-- To do --
When you reach the line that contains "本校からは中学生7名、高校生" in the data below, start reproducing lines exactly, and stop after the line that contains "lattiat (laatta) |".

-- The data --
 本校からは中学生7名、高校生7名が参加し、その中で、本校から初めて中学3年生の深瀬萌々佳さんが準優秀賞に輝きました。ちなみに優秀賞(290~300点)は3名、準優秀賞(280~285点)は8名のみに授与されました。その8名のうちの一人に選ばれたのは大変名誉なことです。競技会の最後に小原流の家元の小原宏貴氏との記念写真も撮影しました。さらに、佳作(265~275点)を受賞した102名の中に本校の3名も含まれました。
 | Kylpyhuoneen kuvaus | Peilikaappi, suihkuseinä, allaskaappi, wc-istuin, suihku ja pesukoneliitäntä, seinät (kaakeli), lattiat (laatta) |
--
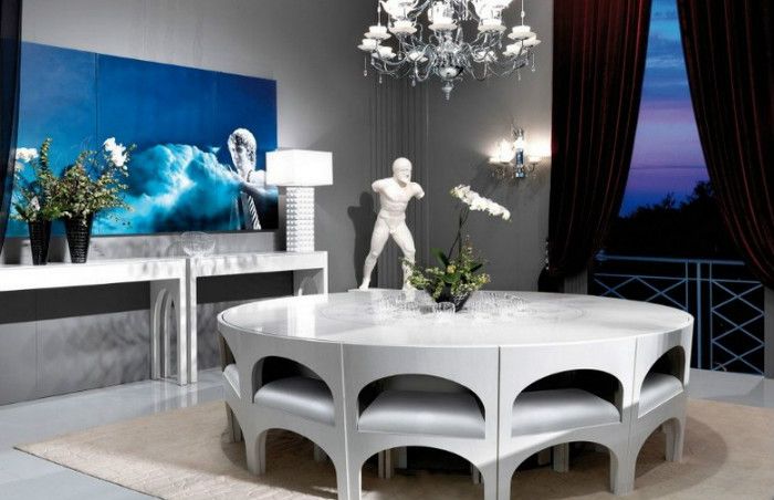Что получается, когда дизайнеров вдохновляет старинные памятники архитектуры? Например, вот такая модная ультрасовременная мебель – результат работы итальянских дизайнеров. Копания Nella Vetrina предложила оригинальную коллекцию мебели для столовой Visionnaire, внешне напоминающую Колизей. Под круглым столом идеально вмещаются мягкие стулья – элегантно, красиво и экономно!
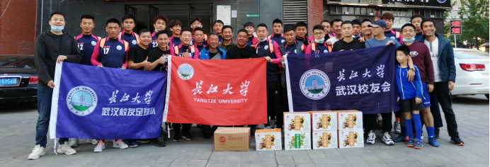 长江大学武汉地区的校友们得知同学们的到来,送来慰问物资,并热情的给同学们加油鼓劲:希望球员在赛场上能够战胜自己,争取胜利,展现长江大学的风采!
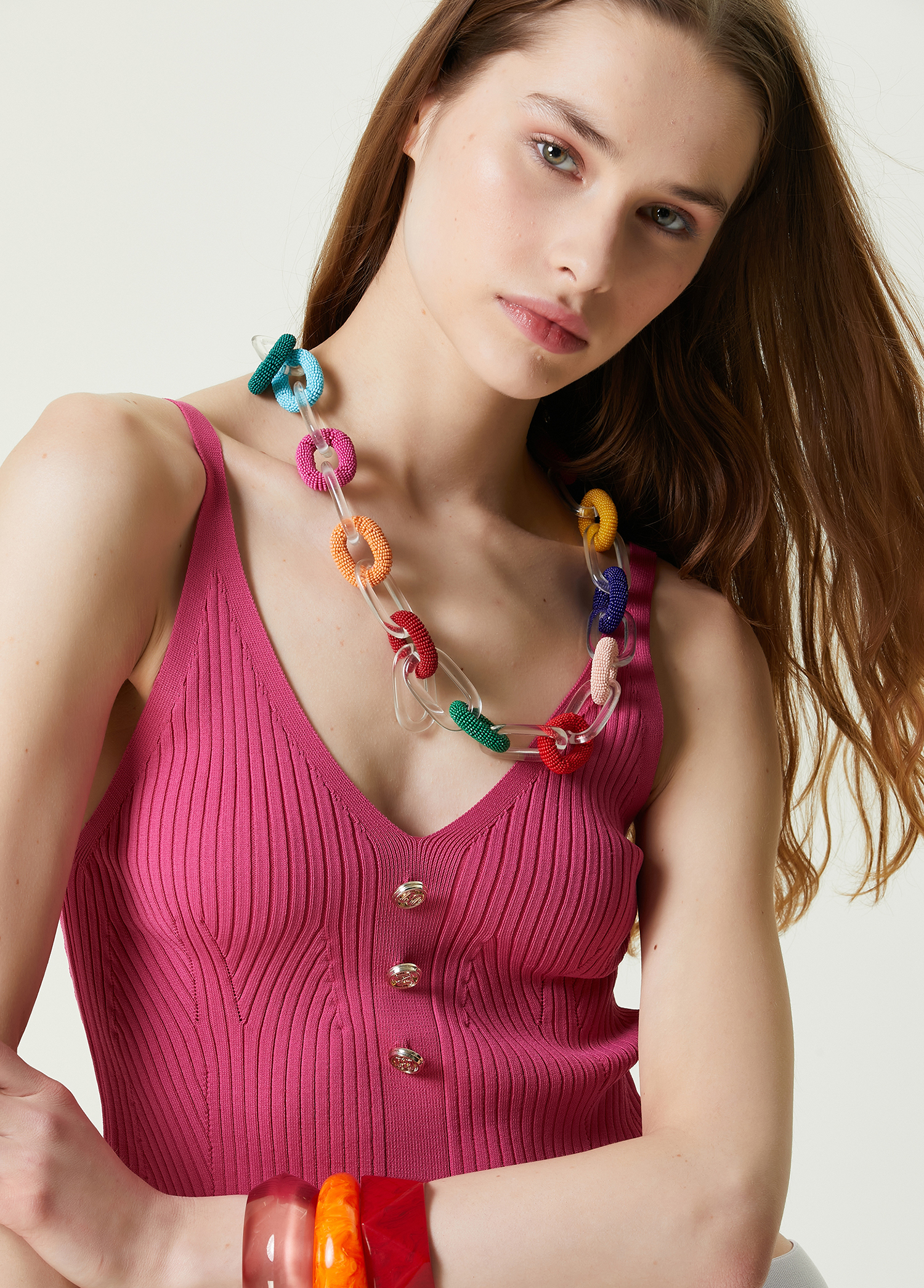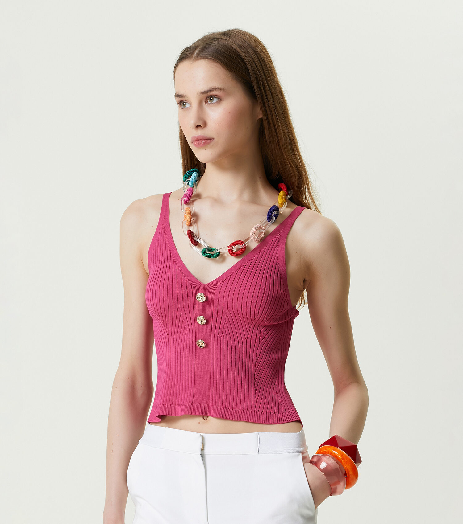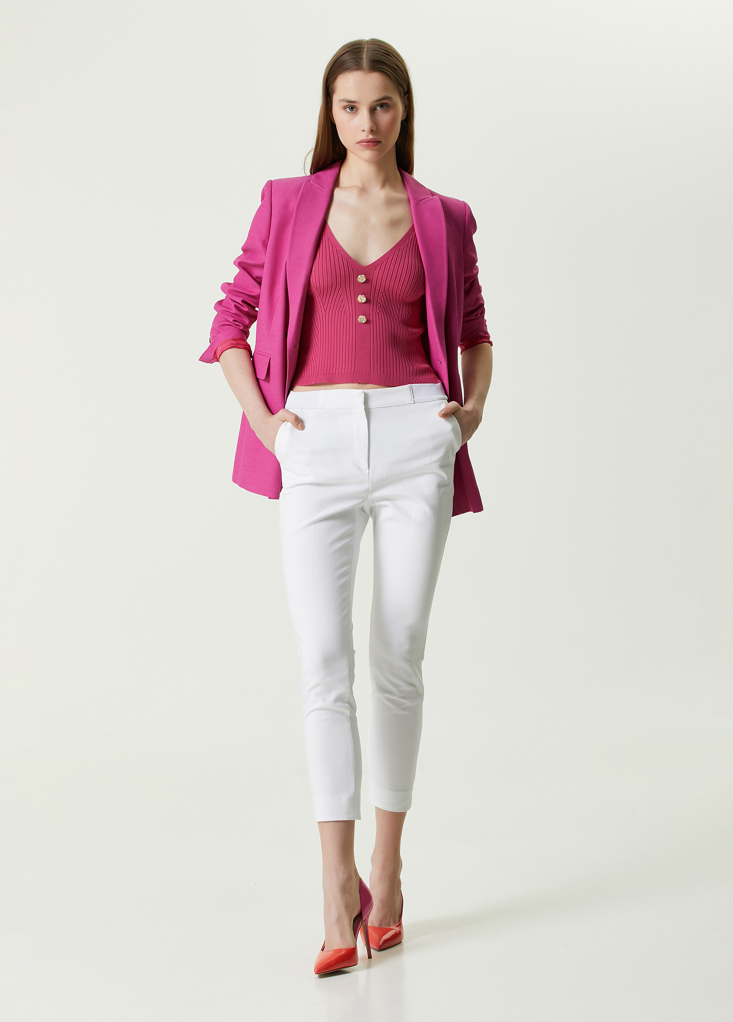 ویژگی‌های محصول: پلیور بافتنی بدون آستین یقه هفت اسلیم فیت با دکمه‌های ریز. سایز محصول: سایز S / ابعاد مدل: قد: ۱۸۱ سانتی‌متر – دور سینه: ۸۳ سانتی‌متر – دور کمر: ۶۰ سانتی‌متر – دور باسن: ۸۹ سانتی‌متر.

-- Task solution --
 本校からは中学生7名、高校生7名が参加し、その中で、本校から初めて中学3年生の深瀬萌々佳さんが準優秀賞に輝きました。ちなみに優秀賞(290~300点)は3名、準優秀賞(280~285点)は8名のみに授与されました。その8名のうちの一人に選ばれたのは大変名誉なことです。競技会の最後に小原流の家元の小原宏貴氏との記念写真も撮影しました。さらに、佳作(265~275点)を受賞した102名の中に本校の3名も含まれました。
 | Kylpyhuoneen kuvaus | Peilikaappi, suihkuseinä, allaskaappi, wc-istuin, suihku ja pesukoneliitäntä, seinät (kaakeli), lattiat (laatta) |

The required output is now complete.